Use filed_at, the date the filing was made, and not first_sale, because the sale can pre-date what anyone could read. The query keeps the raises that are tied to a company, so every row of the result carries a company ID and the identifiers to join on. The use case on following private funding from regulatory filings treats the raises in depth.

What each is built for

S&P Global describes credit ratings, benchmarks and the company database that Kensho Link maps to among its offerings. Fokals is built for company-level evidence: the technologies a website runs, the roles a company advertises, what it announces and files, and weekly intent scores in which every score carries the dated signals behind it. Every observation is dated and written once, so a join to S&P Global content supports monitoring and point-in-time tests.

Sample data for the companies you track is sent on request, with the data dictionary and methodology.

Frequently asked questions

What is the S&P Global Marketplace?

S&P Global's investor fact book calls it a discovery platform that uses AI to show data and solutions from across S&P Global alongside those of curated third-party providers. Each offering has a tile holding visualisations, sample data, research and technical documentation. The fact book reports more than 330 tiles, of which 80 were added in 2024.

Does the S&P Global Marketplace include alternative data?

S&P Global says it includes offerings from curated third-party providers beside its own. The pages linked here do not name those providers or say which of their offerings are alternative data, so check the tiles for what is listed now. A tile's sample data and technical documentation show what a dataset holds before you ask about a licence.

What is the Query Library on the S&P Global Marketplace?

It is a library of pre-built queries, over 1,300 according to the fact book. A query's profile page says what it does, where its data comes from, which datasets and data packages it needs and what type of query it is, for example MSSQL, PostgreSQL or Snowflake. Queries can be run on premises or in the cloud and serve as building blocks for longer workflows.

How do I evaluate a dataset on the S&P Global Marketplace before I license it?

Open the tile's sample data and technical documentation, check the keys, the dates and the identifiers against the companies you track, and run a pre-built query where one exists. Then ask S&P Global which delivery route and licence apply. The same steps work on any vendor's sample, including a Fokals sample for your own list of companies.

How is Fokals data delivered for a join to S&P Global content?

Fokals is delivered direct, by REST API and as bulk files, and licensed by written agreement. You load the data into your own warehouse with its own loader and join it to S&P Global content on a shared identifier, such as an LEI, which a listed company carries in Fokals tables.

How can I combine company signals with S&P Global data?
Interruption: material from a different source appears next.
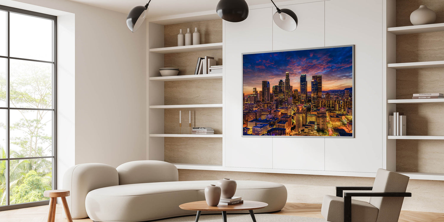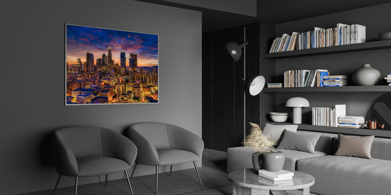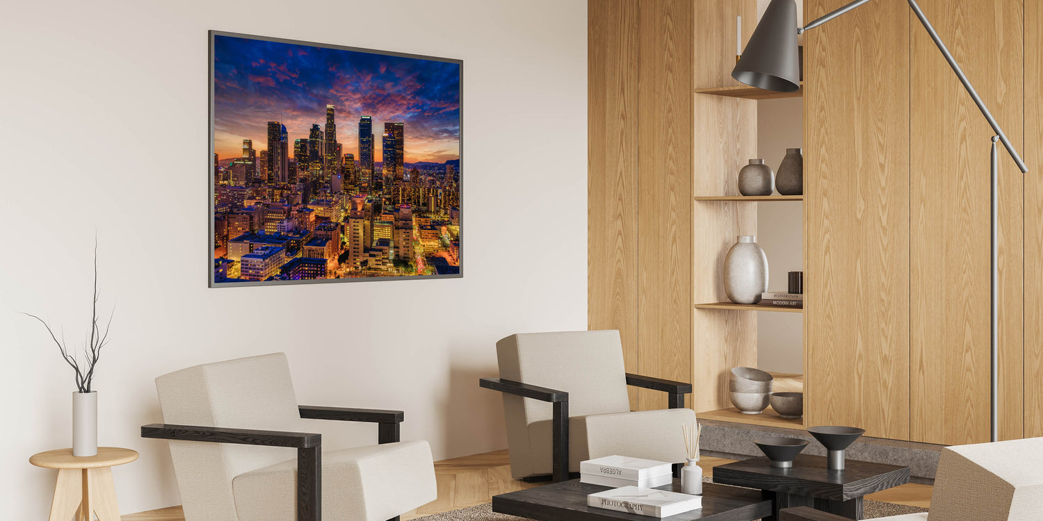 Transform your space with this dynamic cityscape of downtown Los Angeles at dusk. The colorful sunset and shimmering city lights create a perfect blend of urban energy and natural beauty, making it a stunning statement piece for any room. Ideal for fans of modern cityscapes and those who love the vibrant atmosphere of LA.

Join on an identifier both sides carry, and measure the match before you build on it. Fokals tables carry ticker, MIC, ISIN, LEI and share-class FIGI for listed companies, and brands and subsidiaries carry their parent's. S&P Global's 2023 release describes Kensho Link as a way to map entities to its identifiers, and the guide to mapping alternative data to a security master works through the join on the Fokals side.

The queries and code on this page are examples to adapt. Test them in your own environment before you rely on them.

What this page says about the products it names was checked against their public documentation on 4 October 2026. Product and company names are trademarks of their owners. Fokals is not affiliated with them or endorsed by them.